Mutability
class Point(mutable x: Int, mutable y: Int) {
mutable fun moveX(): void {
this.!x += 1;
void
}
}
Mutability at function boundaries is not forbidden, just discouraged. However, there will be cases where it is necessary. For example, when defining a mutable data structure. Mutable fields must be explicitly annotated with the keyword mutable
. Note that this only means the field can be mutated in the mutable version of the object.
Concretely, if we define a new point by writing Point(1, 2)
, that point is immutable, and therefore the mutable methods defined on Point
are not accessible (nor can any field be mutated). To define a mutable point, one must create it explicitly by writing: mutable Point(1, 2)
. The same is true for its type. A mutable point is of type mutable Point
which different from a Point
(and their types are incompatible).
Readonly
So far, the mutability story is pretty simple. When an object is immutable, you can access its immutable methods; when the object is mutable, you can access both its mutable and its immutable methods.
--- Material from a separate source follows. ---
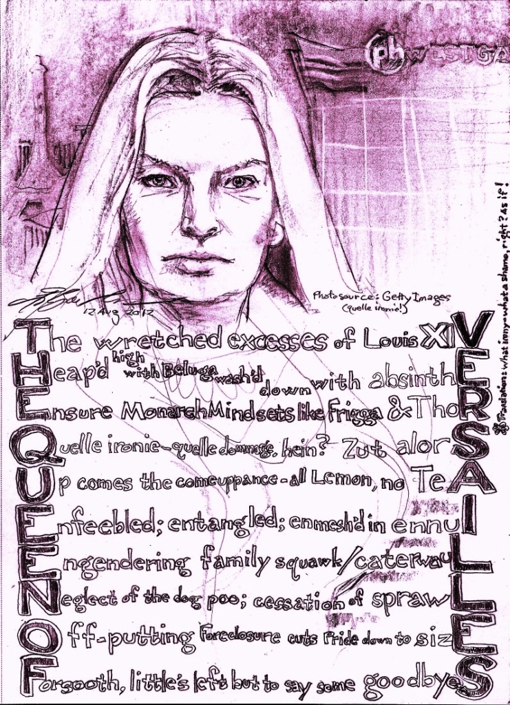As for the acrostic poetry, it is a little less Lynchian, and it cleaves to almost-exact iambic septameter, and exactness of alphas/spaces per line. There is a missing word. Careful readers will be able to find what it is and where it should go. A reader perhaps more clever than I am might know how to fix the line to render the content and preserve iambic septameter.
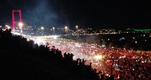 15 Temmuz darbe girişimine karşı bu akşam saat 22.00’de binlerce vatandaş Boğaziçi Köprüsü’nde… Boğaziçi Köprüsü gişelerde binlerce kişi darbe girişimini protesto ediyor. Milli İrade Platformu öncülüğünde binlerce kişi, darbe girişimini protesto etmek için ‘Başladığı Yerdeyiz’ sloganıyla Üsküdar Millet Parkı’nda buluşarak saat 21.00’da Boğaziçi Köprüsü’ne yürüdü. Ellerindeki Türk bayraklarıyla Boğaziçi Köprüsü …

But is that really safe? It turns out it's not! Let's see with an example:
class Nasty(mutable x: Int) {
fun capture_this(): Nasty { this }
}
fun nasty_test(): void {
mnasty = mutable Nasty(0);
immutable_nasty = mnasty.capture_this();
mnasty.!x = 0; // changes immutable_nasty!!!
}
What's happening here is that we first create a mutable object, and then call an immutable function returning this
. If in turn that function captures a pointer to this
in its immutable form, we have a problem! We managed to build an immutable object when a mutable reference that could change the object under our feet is still out there (as shown in the function nasty_test
). Of course this is wrong given that the golden rule of the language is that immutable objects are proven to never change ...
Luckily that code doesn't compile: because the type of this
in the method capture_this
is not Nasty
but readonly Nasty
.
readonly X
should be read as: we don't know if X
is mutable or immutable, but we only intend to read things out of it. In other words, readonly should be used when you want code to work with both mutable and immutable objects (like an immutable method in a mutable class).
If you try to compile the code, you will see that the method capture_this
does not compile, because the type of this
is readonly Nasty
.
Frozen Methods
It is possible to define an immutable method within a mutable object by using the keyword frozen
. It's a way to tell the compiler that you do not want that function to be callable when the object is mutable, you only want to have that method in the immutable case. This is useful when you need the object to actually refer to the immutable version of this
. In the example above, you could make the method capture_this
annotated with frozen
. The compiler would then no longer complain on the return type of the method, but rather in the code that is attempting to call that method on a mutable version of the object.
Freezing
freeze
is a builtin function that converts a mutable object into its immutable version.
fun use_mutable(): Point {
obj = mutable Point(22);
…
obj.moveX();
freeze(obj)
}
The way you are encouraged to use mutable objects:
- Create a mutable object
- Mutate locally (within the scope of a function)
- Freeze the object to cross function boundaries (either return, or pass to another function)
Freezing will create an immutable clone of your mutable object, by recursively copying all its mutable fields. Note that there are several cases where that copy will be optimized away by the compiler, when it can prove that the mutable version does not escape. Once the object has been frozen, there is no way to go back to its mutable version.